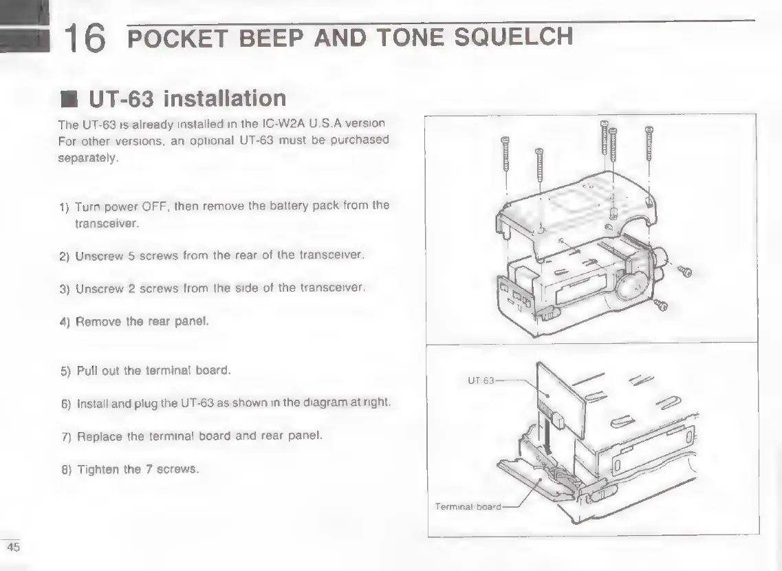 Icom IC-W2E - Pocket Beep and Tone Squelch; UT-63 Unit Installation
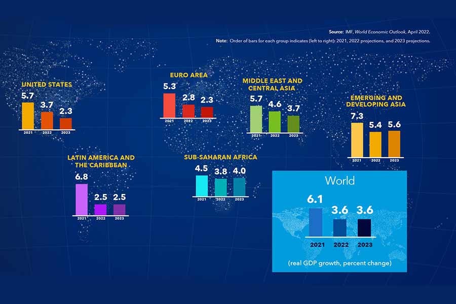 For 2022, it forecast inflation of 5.7 per cent in advanced economies and 8.7 per cent in emerging market and developing economies, a jump of 1.8 and 2.8 percentage points from January's forecast.
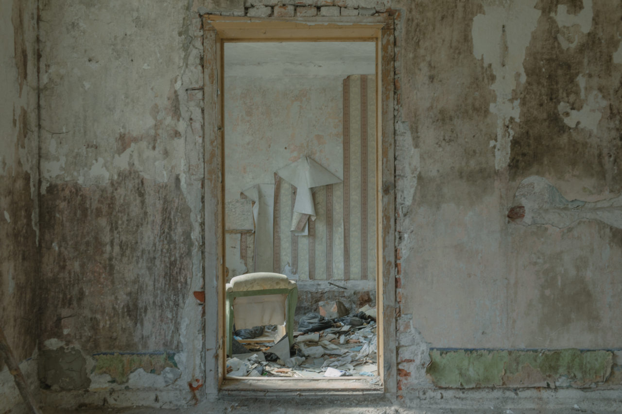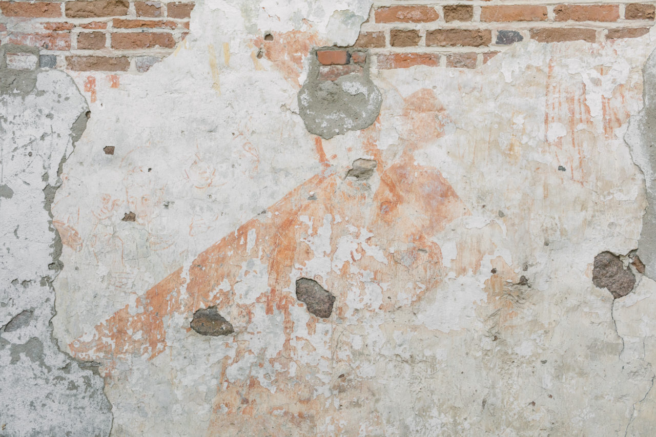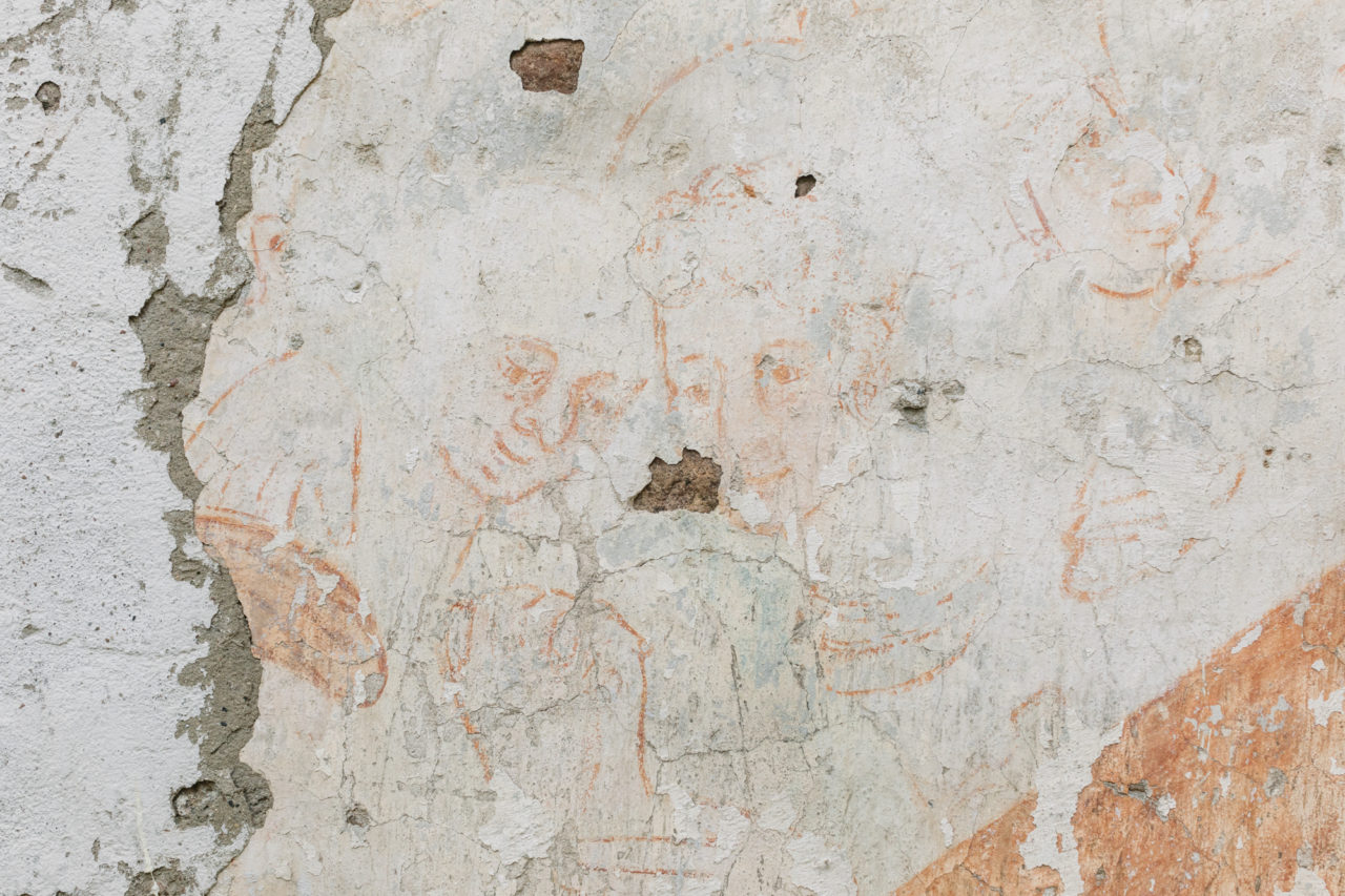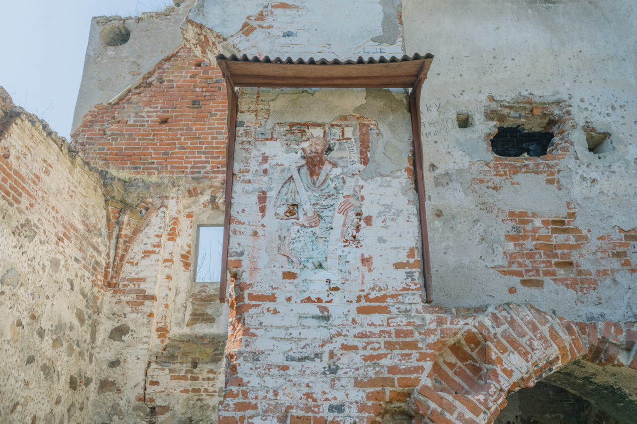Интерьер бывшего дома пастора у кирхи в ХрабровеФото: Ксения Иванова для ТД Ущерб, нанесенный кирхе мародерами, оценить невозможно, но, лишенная крыши, она разрушалась и сама по себе. В начале нулевых от одной из внутренних стен отвалился слой штукатурки, нанесенной, по всей видимости, во времена Реформации, обнажив средневековую фреску. Фреска видна до сих пор, на ней — печальный апостол Павел с мечом, но без одного глаза. Его написал неизвестный автор в XIV веке, и это одна из старейших сохранившихся фресок региона. Вся забота о ней со стороны властей выразилась в установке над изображением железного козырька, который не спасает фреску от стремительного разрушения.

▶ Activity: The expected answer is the line with "For 2022, it" followed by every remaining line of the listing, each restated exactly, with all pictures dropped.

▶ Worked solution:
 For 2022, it forecast inflation of 5.7 per cent in advanced economies and 8.7 per cent in emerging market and developing economies, a jump of 1.8 and 2.8 percentage points from January's forecast.
Интерьер бывшего дома пастора у кирхи в ХрабровеФото: Ксения Иванова для ТД Ущерб, нанесенный кирхе мародерами, оценить невозможно, но, лишенная крыши, она разрушалась и сама по себе. В начале нулевых от одной из внутренних стен отвалился слой штукатурки, нанесенной, по всей видимости, во времена Реформации, обнажив средневековую фреску. Фреска видна до сих пор, на ней — печальный апостол Павел с мечом, но без одного глаза. Его написал неизвестный автор в XIV веке, и это одна из старейших сохранившихся фресок региона. Вся забота о ней со стороны властей выразилась в установке над изображением железного козырька, который не спасает фреску от стремительного разрушения.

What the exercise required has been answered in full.